As you said, there are two reasons why it is necessary to compile your own SELinux toolset:

• The system provided toolset is usually a version behind. While Android’s SELinux relies on policy DB version 30, current Linux boxes usually handle only version up to 29.
• Even if it would be more recent it would not help, in fact building SELinux from upstream code (which is easily done, at least on Fedora machines following upstream recommendations) effectively allows the system to handle policy DB version 30, however Android’s SELinux has been heavilly modified (Google documentation highlights a few modifications) so trying to handle Android’s SELinux fails due to syntax and parsing errors.
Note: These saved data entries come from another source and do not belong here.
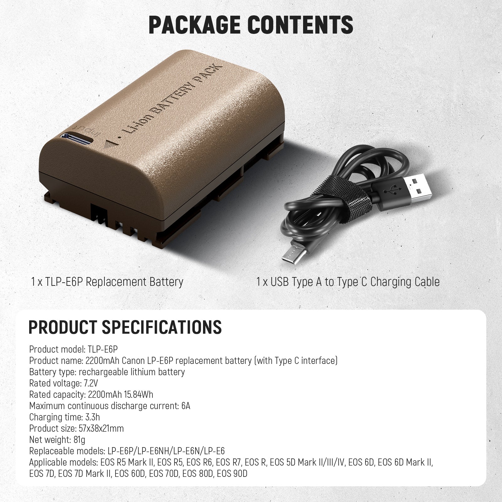 - Fully Decoded LP-E6P Replacement Battery- NEEWER TLP-E6P is a newly upgraded battery, fully decoded as a professional alternative to the original LP-E6P/LP-E6NH/LP-E6N/LP-E6 models. It features an impressive 6A max continuous discharge current, effortlessly powering the latest EOS R series, seamlessly compatible with Canon EOS R5 Mark II EOS R5 EOS R6 EOS R7 EOS R EOS 5D Mark II/III/IV EOS 6D EOS 6D Mark II EOS 7D EOS 7D Mark II EOS 60D EOS 70D EOS 80D EOS 90D cameras. Note: Fully discharge the battery before charging it for the first time.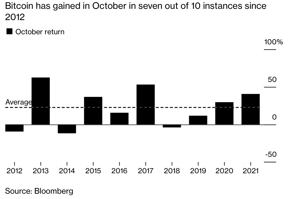 季节性因素:自2012年以来的10个10月份中,比特币有7次是上涨的
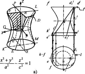 3. Однополостной гиперболоид образуют вращением прямой DЕ вокруг скрещивающейся с ней оси Z (рис. 3, а). Пл. ХОZ и YОZ пересекают его по гиперболам FК, LМ, РQ и RS, а пл. ХОY и ей параллельные - по окружностям (GU, FРLР и КQМS). При вращении точек D и Е их проекции d и е перемещаются по окружности, и проекции d' и е' - по прямым, параллельным оси X. Точка U прямой DЕ, ближе других расположенная к оси вращения, описывает окружность UU1 наименьшего диаметра. Эту окружность называют гордом поверхности. Лучи, проектирующие какую-либо поверхность, касаются ее в точках, образующих контурную линию. Соответствующая проекция этой линии называется очерком поверхности. Очерком однополостного гиперболоида на пл. V служат две ветви гиперболы, вершины которой лежат на горле поверхности. Следовательно, эту поверхность можно образовать вращением гиперболы вокруг ее мнимой оси.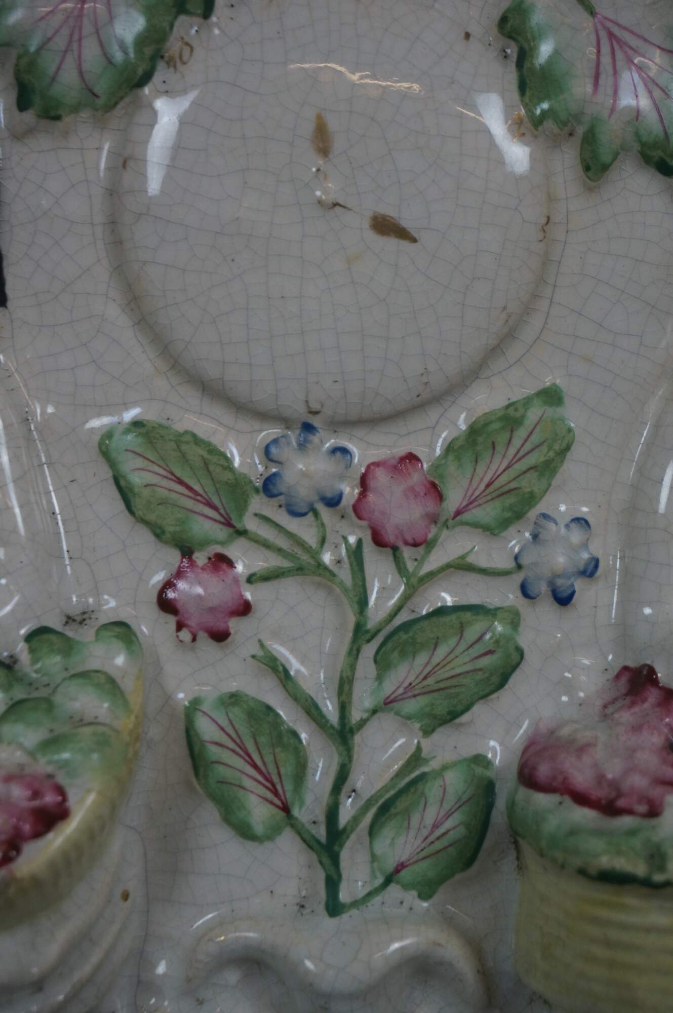 Antique 19th century English Staffordshire porcelain flatback figurine in the shape of a pair of male and female figures in Scottish dress, carrying baskets of grapes, standing on either side of a vase of flowers and painted clock face. Circa 1850s.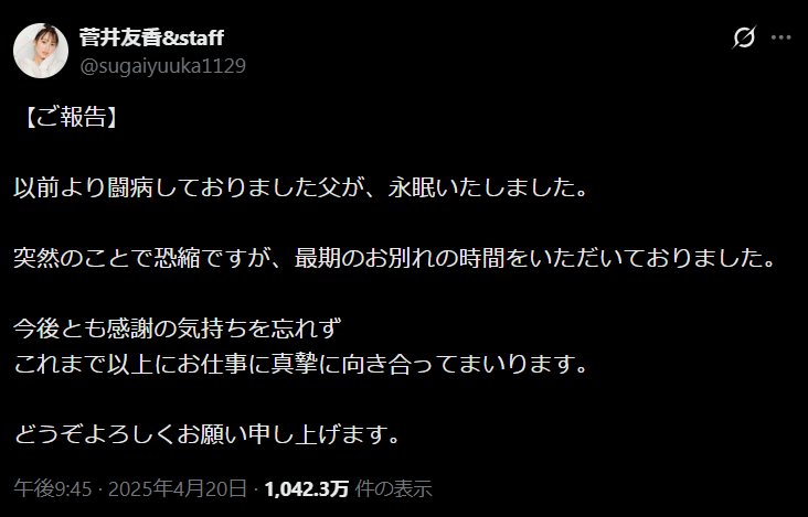 2026年現在・2025年の4月に父上はすでに逝去されている…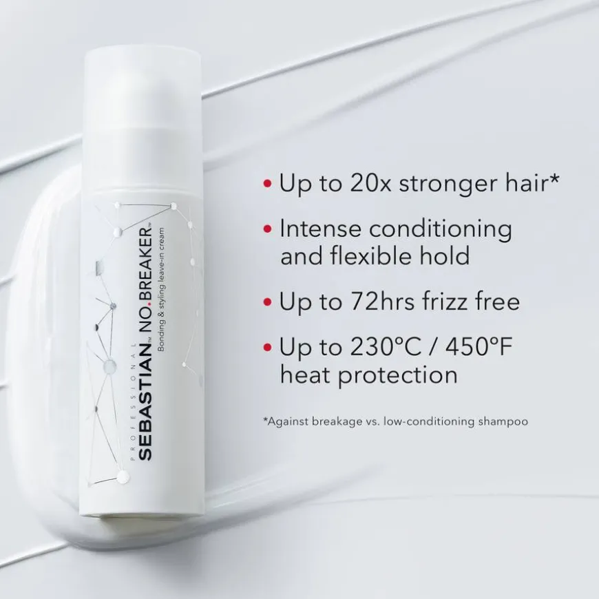 Sebastian Professional No.Breaker Bonding & Styling Leave-in Cream er en pleiende hårkrem for alle hårtyper. Denne bindingsbyggende stylingkremen gjør håret krusfritt i opptil 72 timer og gir fleksibelt hold samtidig som den gir varmebeskyttelse opptil 230 °C/450 °F.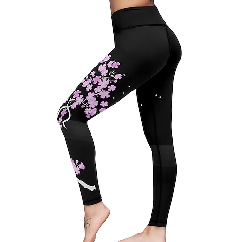 Per donna Ghette Sports Gym Leggings Pantaloni da yoga Elastene Nero Leggings corti Floreale Fasciante in vita Sollevamento dei glutei Abbigliamento Abbigliamento Yoga Fitness Allenamento in palestra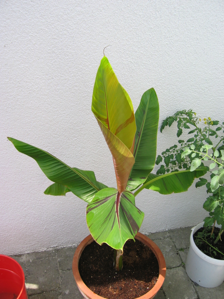 Da haben welche Bananen im Freien stehen, deren Topf nicht annähernd so groß ist wie meiner, die Pflanze darin aber bestimmt dreimal so groß!

So, to keep on the Android’s SELinux analysis quest, we will have to put our hands in the dirt… in the cleanest possible way:

• First we will setup a sane environment.
• Once this is done we will compile Android’s SELinux libraries and first tools.
• On top of them we will build SELinux tools.
• We will finish by adding a few supplementary utilities.

Build a clean environment

Environment properties

The cleanest recommended, an possibly maybe only reliably working way is to dedicate an environment to your Android work:

• A virtual machine is perfectly fine (if not the best option). Prefer to use a VMware one since you will have to connect your phone through USB to the guest system. The free alternative Qemu doesn’t seem to handle such task very well. I did not try with other virualization software.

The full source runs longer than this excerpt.